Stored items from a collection
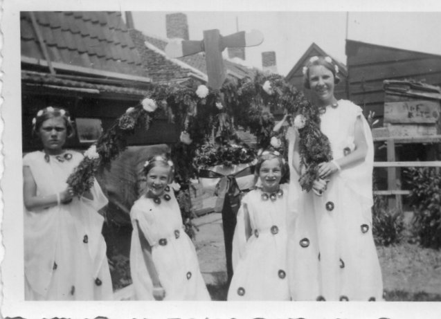 Op de 4de rij: Jaan Adriaanse, half verscholen daarachter Arjaan Platschorre, Jannetje Flipse, Pietje Korteknie, Jo Maas – de Wild , Theuna de Wild ( L.dr. ) Pietje Flipse- Clement, Sien Eikenhout , Corrie de Wild ( L. dr. ) en Pietje de Wild ( M.dr.)
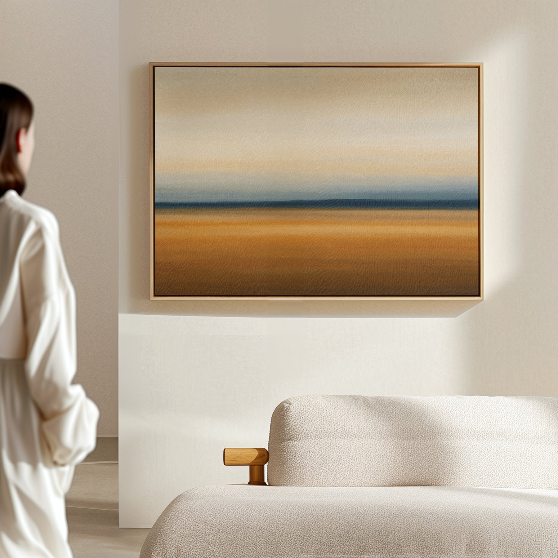 Enhance your space with 'Caramel Plains- Horizontal' by Nordic Park, a warm abstract wall art print in rich caramel, beige, and soft blue tones. This minimalist piece brings a sense of calm and depth, perfect for modern bedroom or living room decor
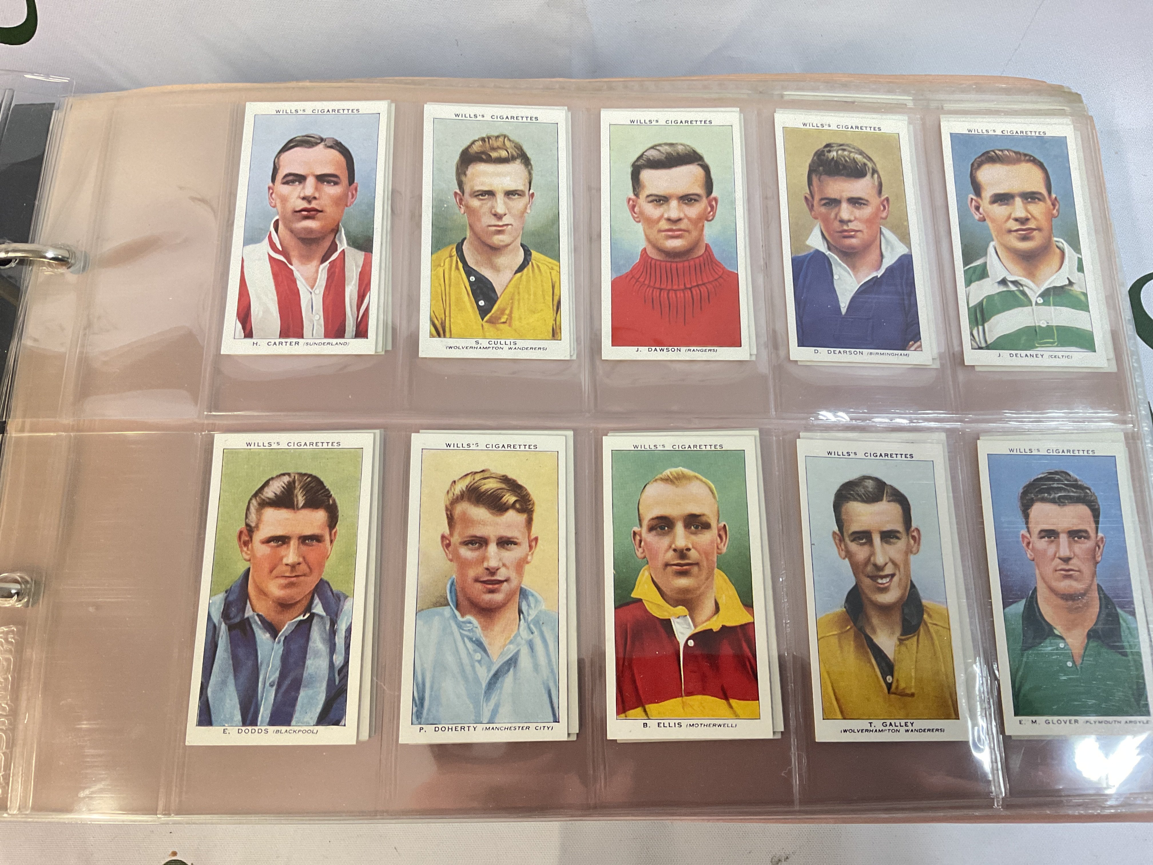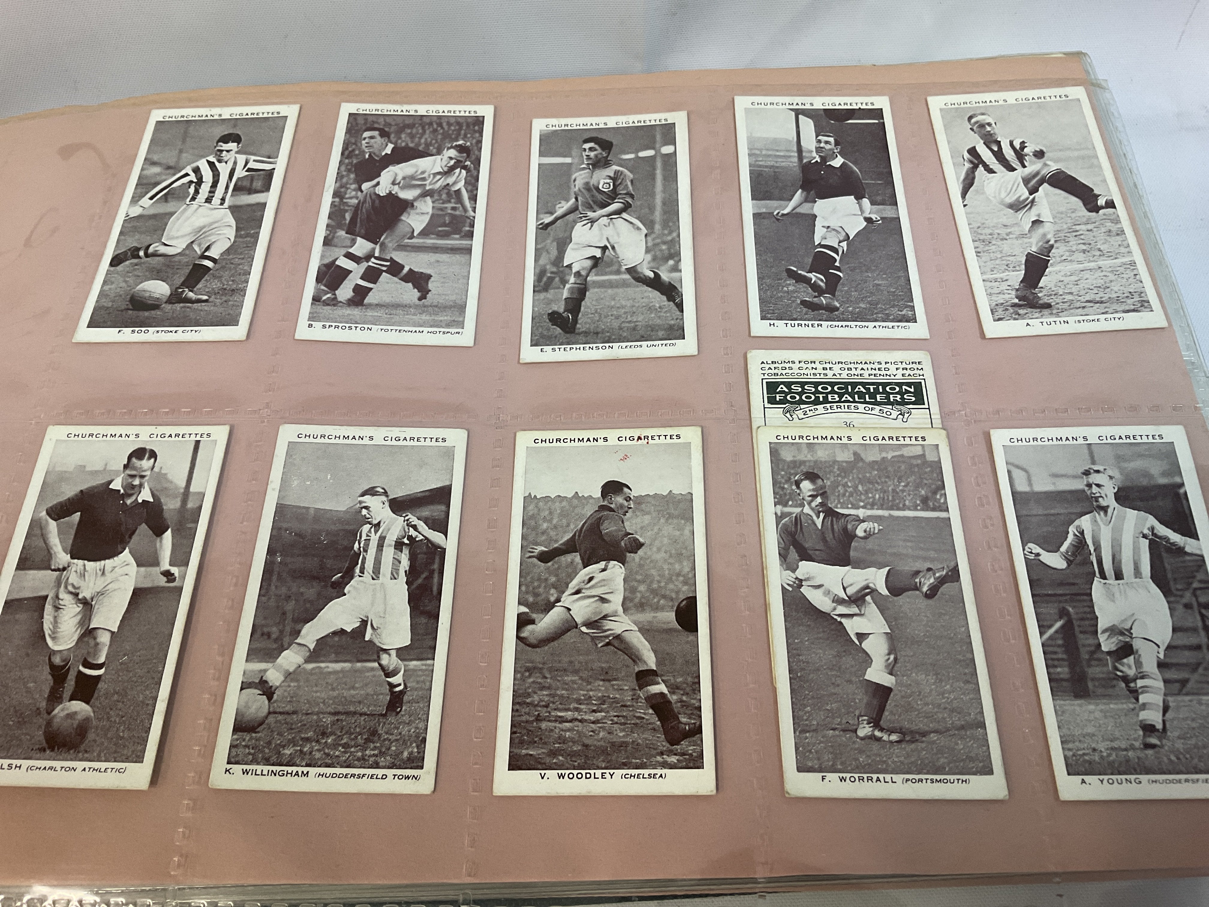 A collection of cigarette card albums including Wills football players, 1930s Churchmans football players , Copes cards, Ogdens etc. Postage category B
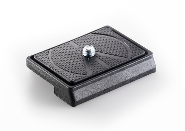 Placa de fijación rápida ligera Manfrotto 200LT-PL: placa ultraligera de tecnopolímero y fibra de vidrio con un peso de 31 g, compatible con RC2/Q2, capacidad de carga de 4 kg, superficie de goma de alta adherencia y cierre de seguridad con forma de logotipo para una fijación rápida y segura de la cámara.
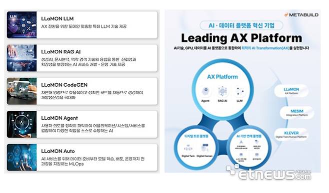 기존 연계·데이터 플랫폼 역량에 더해. 자체 'LLaMON LLM'을 기반으로 'RAG AI' '에이전트 빌더' '코드자동 생성' 'MLOps 플랫폼' 등 플스택 AI 솔루션을 출시해 'AX 플랫폼' 시장을 선도하고 있다.
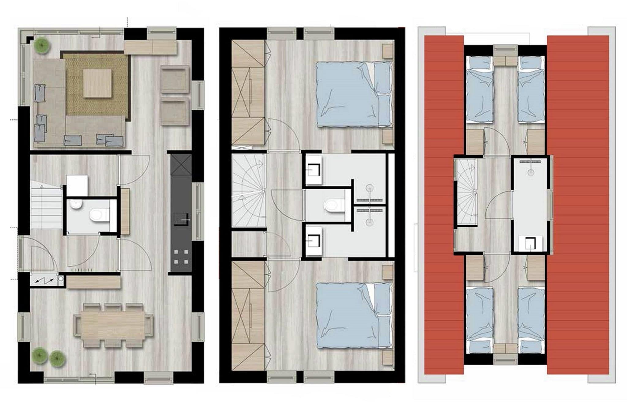 Stueetage: (entre(toilet), Stue(Fjernsyn, hyggepejs, varme(gulvvarme)), åbent køkken(kaffemaskine(kopper), combi-mikroovn, opvaskemaskine , køle-fryseskab)) På 1. etage: (Soveværelse med badeværelse(dobbeltseng eller 2 enkeltsenge Senge, Fjernsyn, bruser, håndvask), Soveværelse med badeværelse(dobbeltseng eller 2 enkeltsenge Senge, bruser, håndvask), Repos(toilet)) På 2. etage: (soveværelse(dobbeltseng eller 2 enkeltsenge Senge), soveværelse(dobbeltseng eller 2 enkeltsenge Senge), badeværelse(bruser, håndvask), Repos) pulterkammer(tørretumbler, vaskemaskine), terrasse, have, havemøbler, parkering
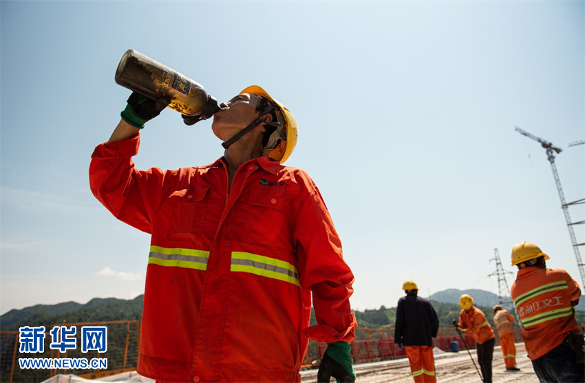 在景文高速控制性工程高嶺頭水庫特大橋施工現場,“到中午時,在大橋上面沒有遮擋,氣溫達到40攝氏度以上。但不管有多苦多累,我們都要保質保量,爭取早日把這項目建成?!睗仓と朔鹅魳s說。為了預防中暑,工人們的訣竅就是多喝水,他們每個人每天帶著兩公升的水壺,每天要喝兩三壺。
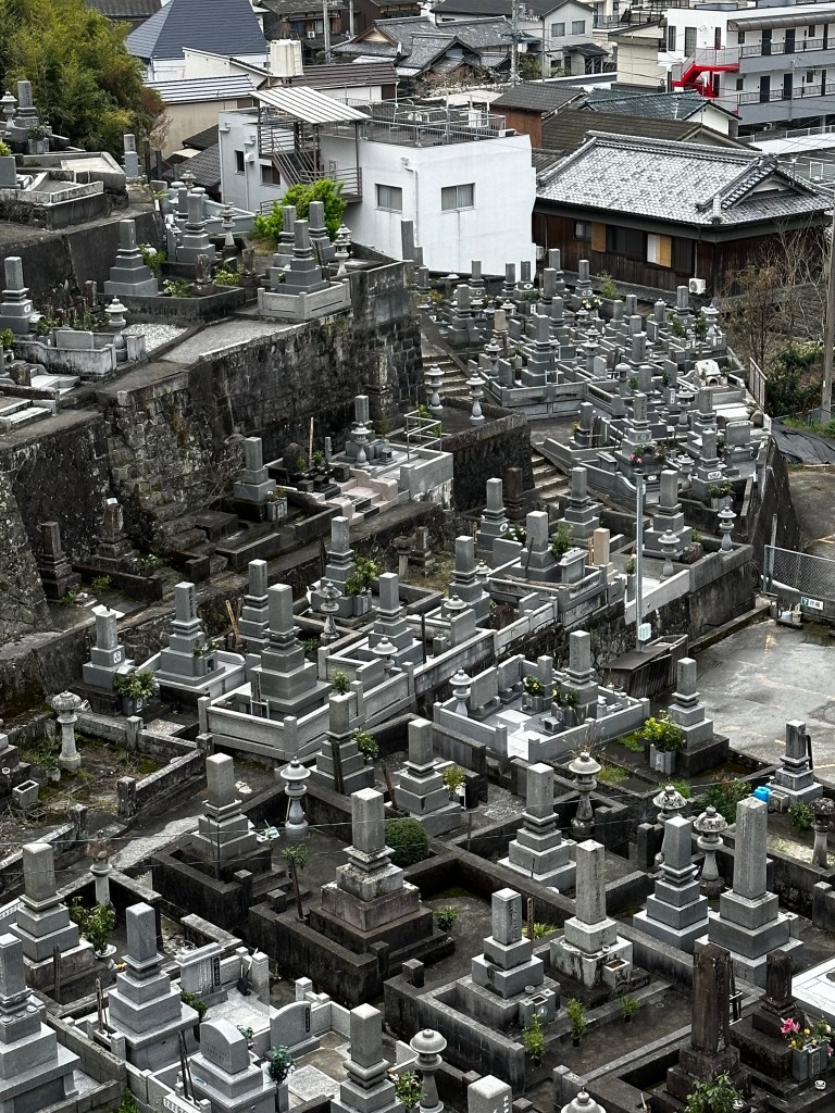 Ryukoin (Bekkaku Temple 6 – “Dragon’s Light Temple”) sits atop a large hill overlooking the city. The next hill over from the temple hill holds a large graveyard climbing in tiered levels from bottom to top.
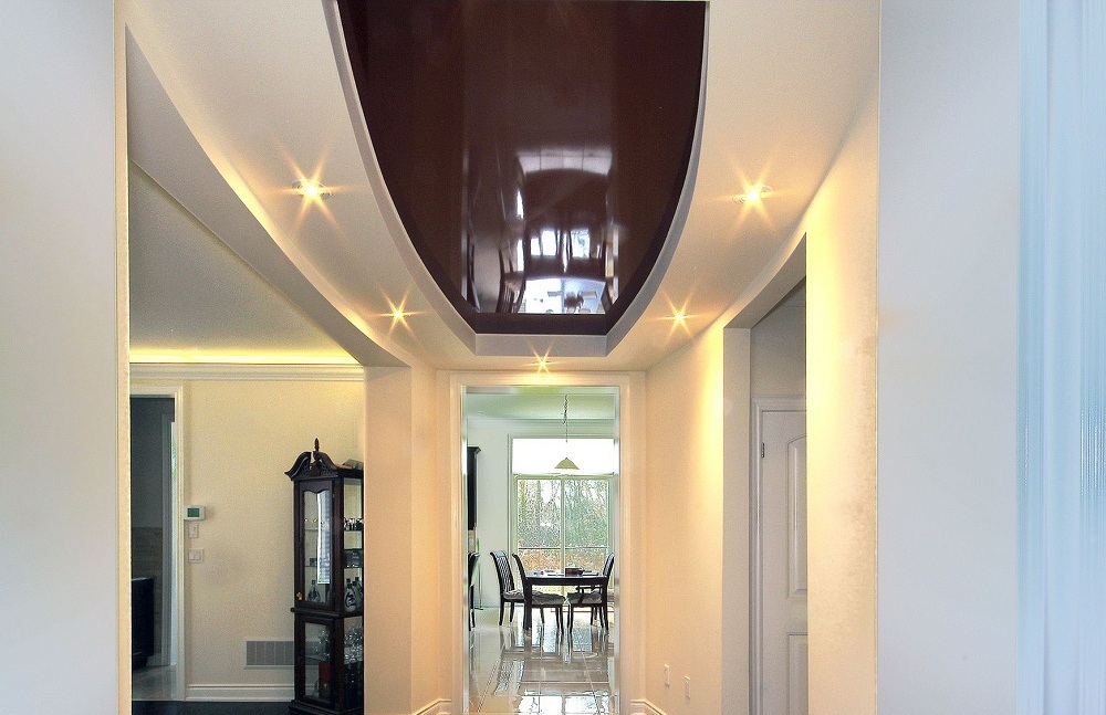 Помимо квадратуры помещения, нужно учитывать еще и уровень освещения. Если комната очень темная, то лучше отдать предпочтение светлым оттенкам, которые будут делать ее более уютной, глянец, в свою очередь, поможет решить проблемы с маленькой площадью, визуально ее увеличивая. Идеальный вариант – выбор белого глянцевого потолка. Для помещений с хорошим уровнем освещения можно выбирать покрытия любых оттенков, главное, учесть цветовую гамму интерьера.
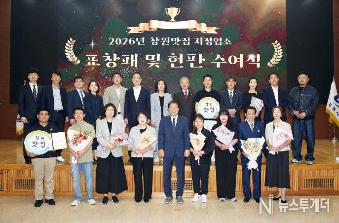 뉴스투게더 김인숙 기자 | 창원특례시는 4월 28일 창원맛집 지정을 10년 동안 유지한 업소 7개소에 대해 표창패와 특별 기념 현판을 수여하고, 2026년 신규 지정된 맛집 7개소에 지정서와 현판을 수여했다고 밝혔다.
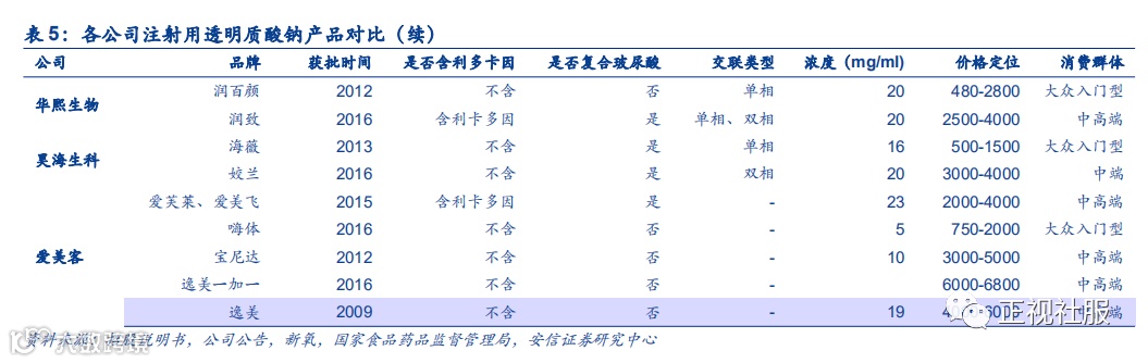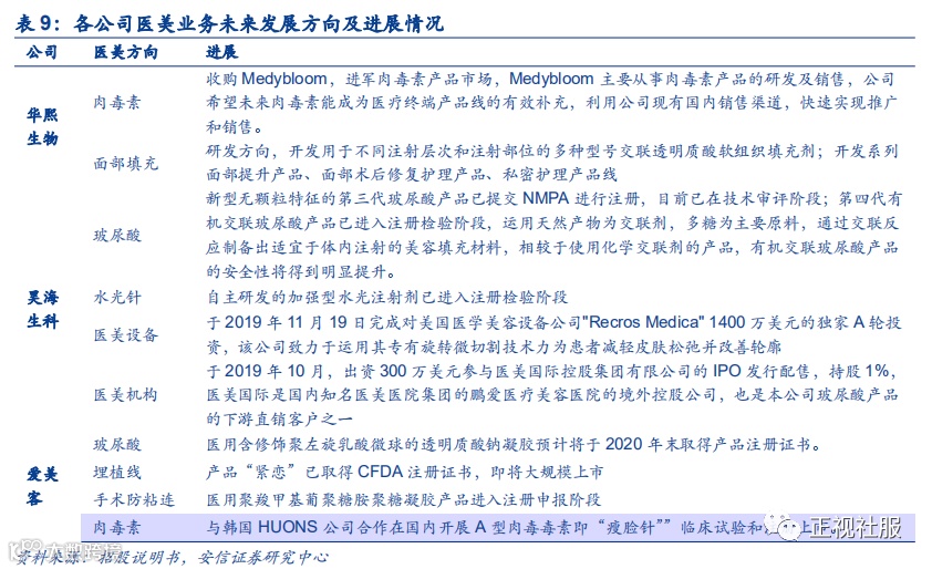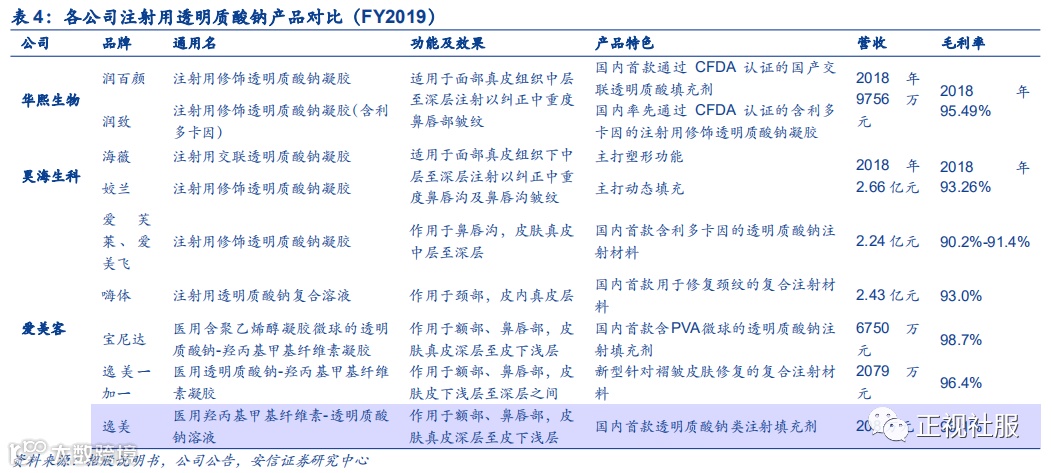 2.医美业务:技术各有千秋,华熙&爱美客产品丰富,昊海渠道协同
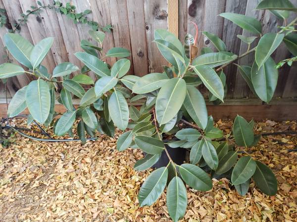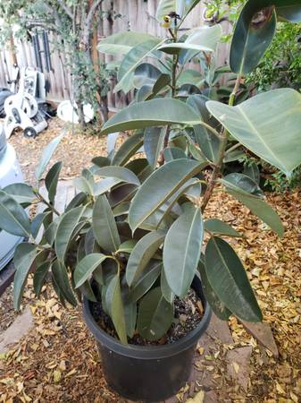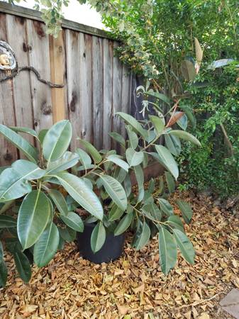 Huge Rubber Plants ( Ficus Elastica) in a 20 gallon pot. Planted with Fox farms soil. Acclimated to outdoors in mostly shade area. Both are about 4 feet tall. One is 4 foot wide. Other is taller and about 3 foot wide. Would be a good space filler on a porch or entry way.

* _Assigned task_
Each line above should be printed again exactly, though the pictures should not be.

* _Solved exercise_
 Op de 4de rij: Jaan Adriaanse, half verscholen daarachter Arjaan Platschorre, Jannetje Flipse, Pietje Korteknie, Jo Maas – de Wild , Theuna de Wild ( L.dr. ) Pietje Flipse- Clement, Sien Eikenhout , Corrie de Wild ( L. dr. ) en Pietje de Wild ( M.dr.)
 Enhance your space with 'Caramel Plains- Horizontal' by Nordic Park, a warm abstract wall art print in rich caramel, beige, and soft blue tones. This minimalist piece brings a sense of calm and depth, perfect for modern bedroom or living room decor
 A collection of cigarette card albums including Wills football players, 1930s Churchmans football players , Copes cards, Ogdens etc. Postage category B
 Placa de fijación rápida ligera Manfrotto 200LT-PL: placa ultraligera de tecnopolímero y fibra de vidrio con un peso de 31 g, compatible con RC2/Q2, capacidad de carga de 4 kg, superficie de goma de alta adherencia y cierre de seguridad con forma de logotipo para una fijación rápida y segura de la cámara.
 기존 연계·데이터 플랫폼 역량에 더해. 자체 'LLaMON LLM'을 기반으로 'RAG AI' '에이전트 빌더' '코드자동 생성' 'MLOps 플랫폼' 등 플스택 AI 솔루션을 출시해 'AX 플랫폼' 시장을 선도하고 있다.
 Stueetage: (entre(toilet), Stue(Fjernsyn, hyggepejs, varme(gulvvarme)), åbent køkken(kaffemaskine(kopper), combi-mikroovn, opvaskemaskine , køle-fryseskab)) På 1. etage: (Soveværelse med badeværelse(dobbeltseng eller 2 enkeltsenge Senge, Fjernsyn, bruser, håndvask), Soveværelse med badeværelse(dobbeltseng eller 2 enkeltsenge Senge, bruser, håndvask), Repos(toilet)) På 2. etage: (soveværelse(dobbeltseng eller 2 enkeltsenge Senge), soveværelse(dobbeltseng eller 2 enkeltsenge Senge), badeværelse(bruser, håndvask), Repos) pulterkammer(tørretumbler, vaskemaskine), terrasse, have, havemøbler, parkering
 在景文高速控制性工程高嶺頭水庫特大橋施工現場,“到中午時,在大橋上面沒有遮擋,氣溫達到40攝氏度以上。但不管有多苦多累,我們都要保質保量,爭取早日把這項目建成?!睗仓と朔鹅魳s說。為了預防中暑,工人們的訣竅就是多喝水,他們每個人每天帶著兩公升的水壺,每天要喝兩三壺。
 Ryukoin (Bekkaku Temple 6 – “Dragon’s Light Temple”) sits atop a large hill overlooking the city. The next hill over from the temple hill holds a large graveyard climbing in tiered levels from bottom to top.
 Помимо квадратуры помещения, нужно учитывать еще и уровень освещения. Если комната очень темная, то лучше отдать предпочтение светлым оттенкам, которые будут делать ее более уютной, глянец, в свою очередь, поможет решить проблемы с маленькой площадью, визуально ее увеличивая. Идеальный вариант – выбор белого глянцевого потолка. Для помещений с хорошим уровнем освещения можно выбирать покрытия любых оттенков, главное, учесть цветовую гамму интерьера.
 뉴스투게더 김인숙 기자 | 창원특례시는 4월 28일 창원맛집 지정을 10년 동안 유지한 업소 7개소에 대해 표창패와 특별 기념 현판을 수여하고, 2026년 신규 지정된 맛집 7개소에 지정서와 현판을 수여했다고 밝혔다.
 2.医美业务:技术各有千秋,华熙&爱美客产品丰富,昊海渠道协同
 Huge Rubber Plants ( Ficus Elastica) in a 20 gallon pot. Planted with Fox farms soil. Acclimated to outdoors in mostly shade area. Both are about 4 feet tall. One is 4 foot wide. Other is taller and about 3 foot wide. Would be a good space filler on a porch or entry way.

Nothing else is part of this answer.